In order to stimulate the growth of international trade, including financial services, successive Maltese governments have attempted to conclude double taxation agreements with important trading partners as well as with emerging countries. These bilateral agreements resolve the issues of double taxation of passive and active income. Current tax treaties can be found here. Double taxation treaties are treaties between different countries that apply to determine which country should tax certain forms of income and profits. However, the provisions are much broader and can also be used to determine the tax domicile of a person or company. If you wish to provide services from abroad to clients in the UK, it would be beneficial to carefully comply with the terms of a double taxation treaty. In this article, we look at how using double taxation treaties can significantly reduce your UK tax debt. Read more An article titled Malta Double Taxation Convention already exists in stored items Directors who move abroad should make sure they carefully weigh their tax status. In particular, the terms of double taxation treaties can have a significant influence on how directors are taxed. This article discusses the impact of double taxation treaties on foreign-based administrators. Read more The new double taxation agreement between the United Kingdom and the United Arab Emirates entered into force on 25 December 2016.

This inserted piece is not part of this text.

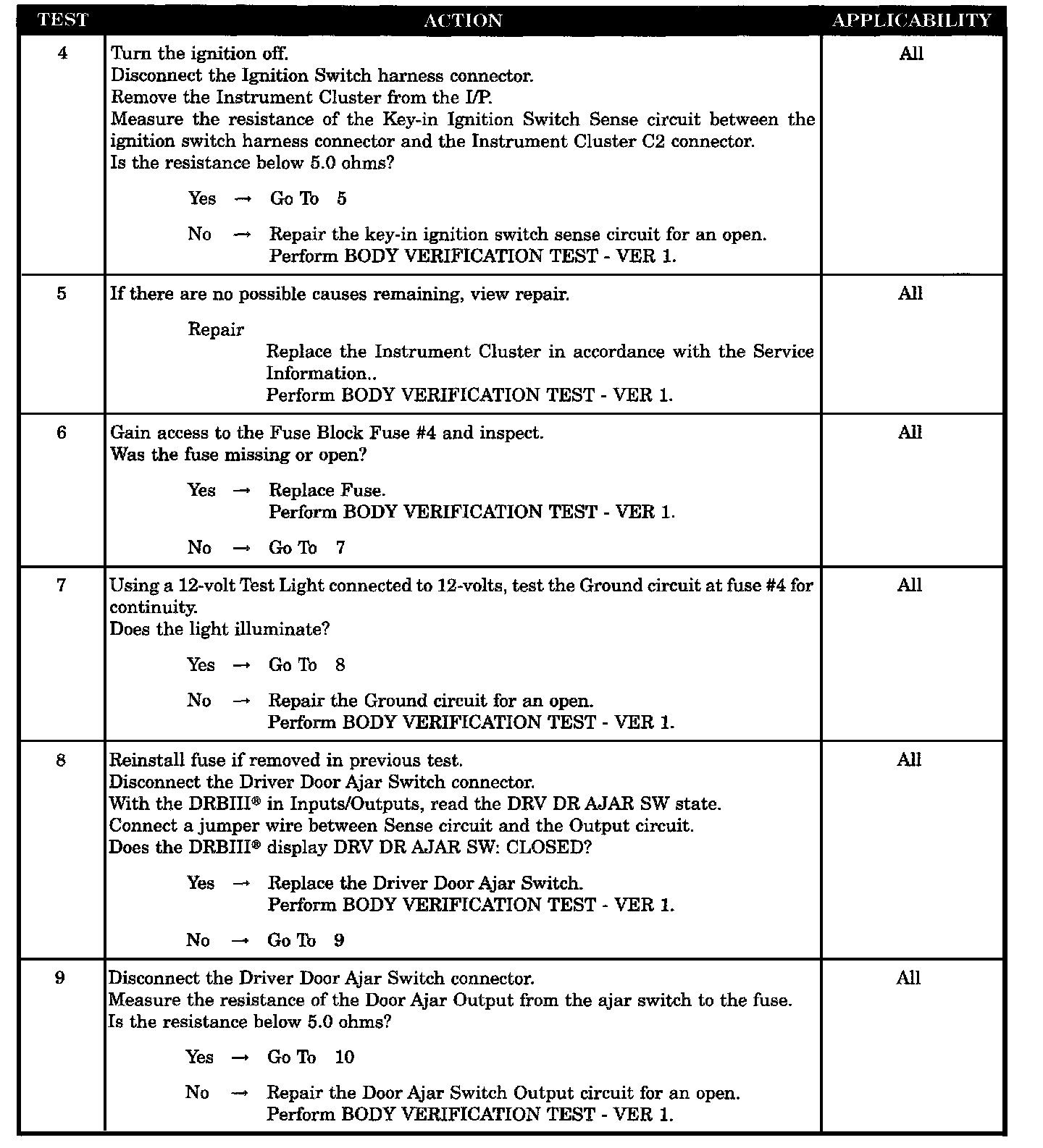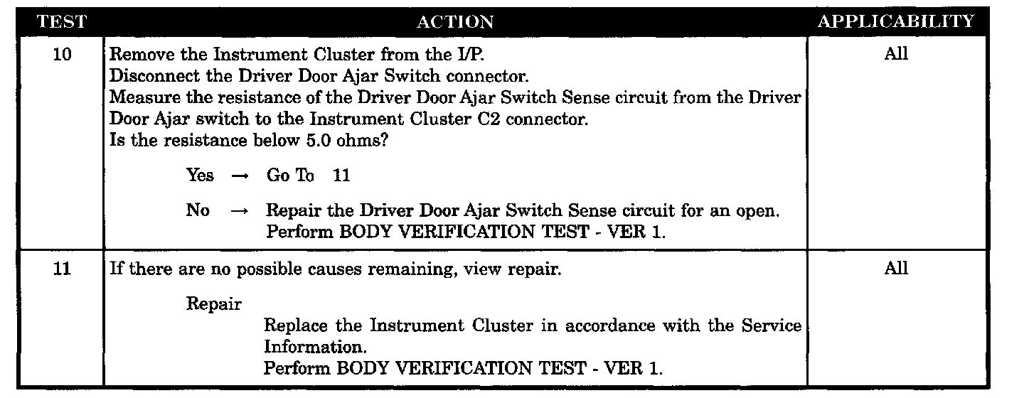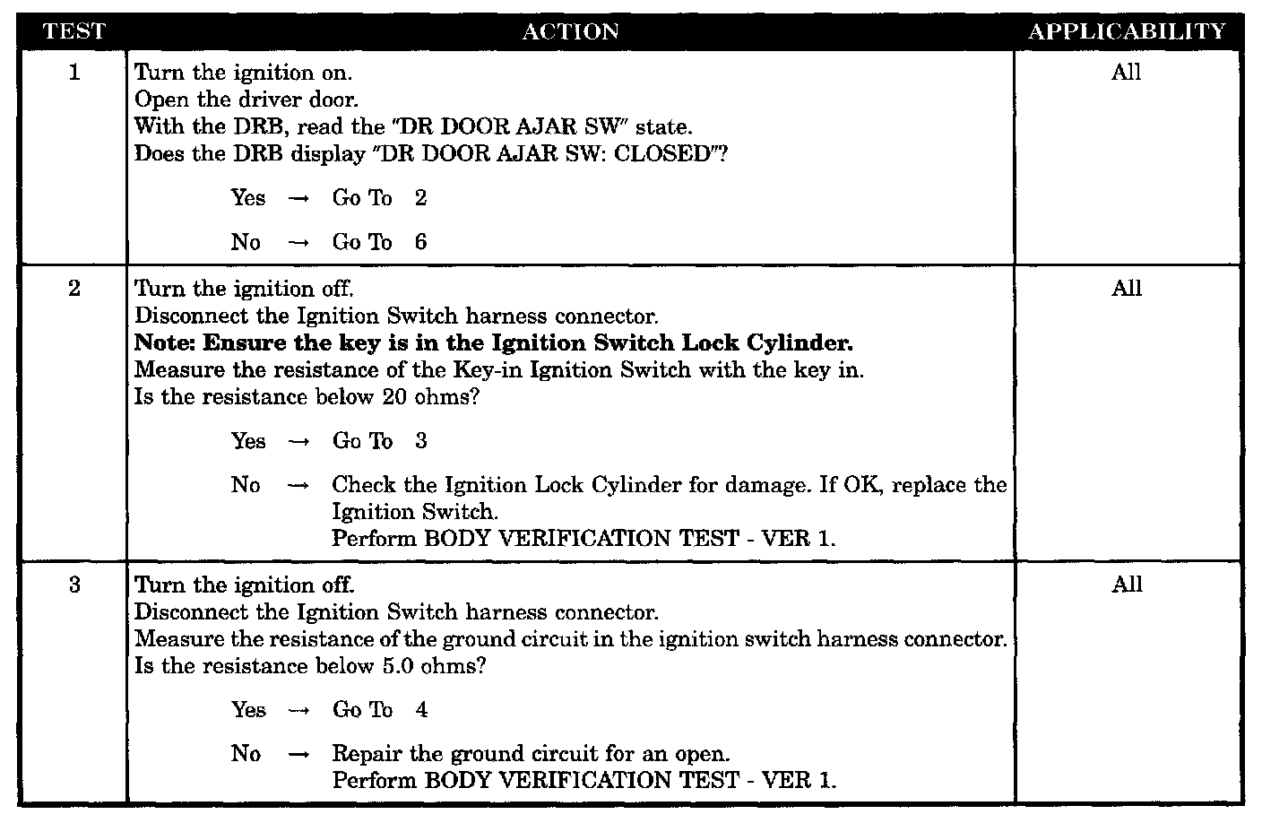 Home >> Jeep >> 2002 >> Wrangler L6-4.0L VIN S >> Repair and Diagnosis >> Powertrain Management >> Computers and Control Systems >> Relays and Modules - Computers and Control Systems >> Body Control Module >> Testing and Inspection >> Symptom Related Diagnostic Procedures >> Chime Inoperative With Key In Ignition and Driver's Door Open

In this article, we examine in detail the main conditions of the treaty. Read the tax question: A citizen and resident of the United Kingdom currently relies on the double taxation treaty between Great Britain and the United States to treat his British pension in the way it generally corresponds to a pension system set up in the United States, thus excluding pension contributions and growth from the US tax. However, paragraph 1 of Article 1 of the TD-T provides that “except as expressly provided, this Convention shall apply only to persons established in one or two Contracting States”. What would happen to the US taxation of his UK pension if he moved to a third country (for example. B HK), i.e. he is no longer resident in the UK? Thank you. Read more The need for double taxation treaties arises from the fact that many countries tax both the income of their inhabitants and all income generated within their borders. Thus, an inhabitant of a country (France) can be taxed by France on his world income. However, if some of its revenue was generated in the UK, the UK might also want to tax income generated inside the UK. This could have the effect of taxing the same income twice (i.e. UK income). These are double taxation treaties that could provide for either a tax exemption in one country or a tax credit for offsetting the tax debt of the other country.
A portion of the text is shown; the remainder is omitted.